Меня это сразило, и с тех пор я живу в непрестанной тревоге, в неизвестности. Я не знала, что Аленушка поехала вместе с ним, и разрывалась между двумя терзаниями, написать, позвонить, и страхом, что ей будет трудно и больно мне об этом говорить, и только просила Бога…
Жила всё время до этого с сознанием, что только меня могут терзать недуги, а что вас, вашу любимую семью никакие беды не могут коснуться. Она была в моей жизни, как счастливый, светлый, огражденный Богом островок. И так оно и будет всегда. Они вернутся, и снова всё будет хорошо, и будем вспоминать случившееся как страшный сон.
Петинька, хотя мы мало непосредственно с Вами общались, но Вы всегда были моим любимцем, и я верила в Вас как в моего человека. Поэтому, милый, возьмите на себя еще одно бремя – пишите мне обо всем до и после того, как они вернутся. Я понимаю, что первое время им будет трудно писать, – поэтому будьте для меня speaker’ом их сердец.
Сегодня ночью у меня впервые за все эти дни был спокойный и радостный сон, и хотя я не видела Женичку во сне, как всё это время, я спала с утешенным сердцем.
Я проживаю свой «Рим» и познаю высшее мужество – не отдать себя и свое.

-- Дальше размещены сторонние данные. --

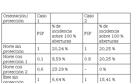 En la Figura 1 puede apreciarse la morfología de los dos casos. Se evidencia la compacidad de las mismas y la orientación con un eje principal hacia el norte. También pueden observarse las grandes superficies acristaladas, así como la presencia de aberturas en las cuatro orientaciones. Para el caso 1, el 22,03 % de la superficie del Cerramiento Vertical Exterior (CVE) está constituida por ventanas, mientras que en el caso 2 lo está en un 33,77 %. En la Tabla 1 se expresa el porcentaje de aberturas en muros, para cada caso, con la incidencia de estas en cada orientación, con y sin protecciones.
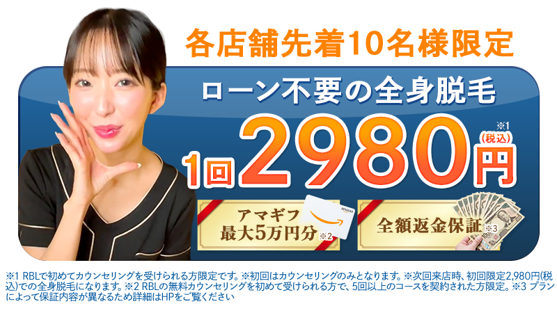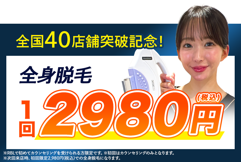 ※次回来店時、初回限定2,980円(税込)での全身脱毛になります。

Так мы проходим вместе со своей птицей свои уроки дней и лет. Гопи чем-то мудрей меня, и, когда он танцует, я чувствую всю пленительность жизни и движения. Я же двигаюсь плохо, всё хуже и хуже, и, как он, живу в полкрыла. Поэтому мне важны вести о тех, кого я люблю.
25 декабря (в новый сочельник) я позвоню вам и, надеюсь, Бог даст мне радость услышать милые и любимые голоса.
Будьте все здоровы и благословенны. Христос с Вами, а моя любовь всегда с вами.
Ваша, утешенная Вами, Галина Лонгиновна[368]
Галина Козловская – Евгению и Елене Пастернакам
29 декабря 1987
Дорогие, дорогие мои!
Два дня пытаюсь дозвониться к вам, и ничего не получается. Так и не услышав милых голосов, села писать.
Мои родные! Как мне хочется обнять вас и этим объятьем сказать вам всю нежность, всю любовь! Но чем сильней и глубже чувствуем, тем мы бываем немотней и бессловесней.
Я радуюсь, что вы вернулись, что всё хорошо, что все вы снова вместе. Как хорошо быть вместе! Через два дня Новый год. Я вижу всё словно в ауре радости и счастья. А все печали, тревоги и болезни пусть поглотят снега уходящего года, и канут, и сгинут, и не повторятся вновь.
Женичка, мой дорогой, как странно, что годы и годы прожиты, сколько всего пережито, а ты для меня всё по-прежнему тот десятилетний худенький мальчик, которого я увидела впервые. И хотя ты рос, мужал и покорствовал времени, в сердце оставался мальчик, неотделимый от тебя нынешнего.
У меня никогда не было детей. У тебя – смотри, как много! Я пронесла тебя в душе через жизнь, отдав тебе материнскую нежность, и ты живешь в моей памяти особой жизнью невысказанной стойкой нежности. Все тебя любят, каждый по-своему. Я тебя тоже люблю по-своему. Вероятно, у тебя сейчас мало людей, носящих в памяти образ тебя‑мальчика и не отдавших тебя времени!